Ensure You Have the Appropriate Legal Status

It is important to make sure that you are fully empowered to make decisions on behalf of your loved one with Alzheimer’s. Your relationship status with the patient may not be enough to legally give you access to your loved one's medical information. It is a good idea to talk to an expert about securing special legal status, such as Power of Attorney (POA), a legal document that allows an individual to name someone as their decision maker should they no longer be able to make decisions on their own.

Gather and Organize the Medical Records in One Place

It’s important to have all of your loved one’s medical records together in one spot. This makes it much easier for you and your loved one’s physicians to accurately map the patient’s medical journey and more easily share information between doctors. Fortunately, tools exist to make record management and access simple. A free resource like PicnicHealth helps you collect and organize all of this information.
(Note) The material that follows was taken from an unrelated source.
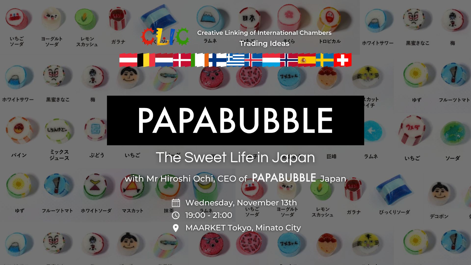 Join us on November 13th for another “CLIC” event, a loose organization of 12 smaller European Chambers of Commerce in Japan (Austrian, Belgian-Luxembourg, Danish, Dutch, Finnish, Greek, Icelandic, Irish, Norwegian, Spanish, Swedish and Swiss), and hear from Hiroshi Ochi, CEO of Papabubble Japan, about the company’s history of success in Japan.

PicnicHealth’s intuitive timeline allows you to pinpoint data across the medical history, eliminating your need for keeping heavy binders filled with paper records or keeping track of multiple software portal logins.

Review the Medical Records to be an Informed Advocate

The better you understand your loved one's medical history, the better you can advocate on their behalf. Access and understanding of this information will help you to ask informed questions with physicians. Through regular communication backed by the data in the medical records, you can help your loved one’s care team develop a more successful care plan.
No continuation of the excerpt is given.